Discussion: The GP covariance function

Description and Background

In the fully Bayesian approach an emulator is created based on a Gaussian process (GP), and one of the principal steps in building the emulator is to specify the GP’s covariance function. The covariance function also has an analogous role in the Bayes linear approach. See the thread for the analysis of the core model using Gaussian process methods (ThreadCoreGP) and the thread for Bayes linear emulation for the core model (ThreadCoreBL) for emulation of the core problem from the fully Bayesian and Bayes linear approaches, respectively.

Discussion

The covariance function gives the prior covariance between the simulator output at any given vector of input values and the output at any other given input vector. When these two vectors are the same, the covariance function specifies the prior variance of the output at that input vector, and so quantifies prior uncertainty about the simulator output.
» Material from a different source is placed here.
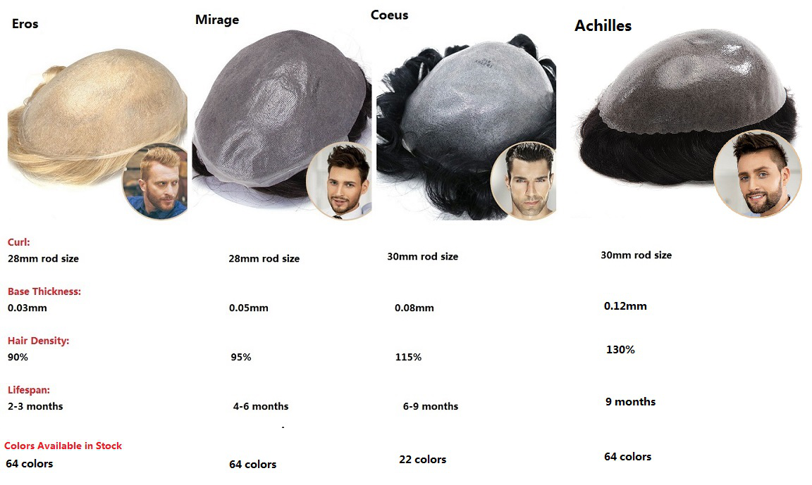 The 4 poly toupees are Eros, Mirage, Coeus and Achilles. From the below picture, you can check the different properties in aspects of Curl, base thickness, hair density, lifespan and available colors.

In principal, this function can take a very wide variety of forms.

Within the MUCM toolkit, we make an assumption of constant prior variance, so that in the case of a single output (as in the core problem) the covariance function has the form \(\sigma^2 c(\cdot, \cdot)\), where \(c(\cdot, \cdot)\) is a correlation function having the property that, for any input vector \(x\), \(c(x,x)=1\). Hence the interpretation of \(\sigma^2\) is as the variance of the output (at any input). The correlation function generally depends on a set of hyperparameters denoted by \(\delta\), while \(\sigma^2\) is another hyperparameter.
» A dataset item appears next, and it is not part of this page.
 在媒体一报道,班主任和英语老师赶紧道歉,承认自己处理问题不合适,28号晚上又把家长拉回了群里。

When building a multivariate GP emulator for a simulator with multiple outputs, the covariance between the sets of outputs at inputs \(x\) and \(x'\) is a matrix which is assumed to have the separable form \(\Sigma c(\cdot, \cdot)\), where now \(\Sigma\) is a between-outputs covariance matrix but \(c(\cdot, \cdot)\) is a correlation function over the input space with the same interpretation for each output as in the single output case. See the variant thread for the analysis of a simulator with multiple outputs using Gaussian process methods (ThreadVariantMultipleOutputs).

Additional Comments

More generally, we might relax the assumption that the variance is constant across the input space. However, it is important for the resulting covariance function to be valid, in the sense that the implied variance for any linear combination of outputs at different input points remains positive.

One valid covariance function in which the variance is not constant takes the form \(u(x) u(x') c(x,x')\), where \(c(\cdot, \cdot)\) is a correlation function (see the alternatives page on emulator prior correlation function (AltCorrelationFunction)) as before, while \(u(x)^2\) is the variance of the output at inputs \(x\), and can now vary with \(x\). In general, \(u(\cdot)\) would be modelled using further hyperparameters.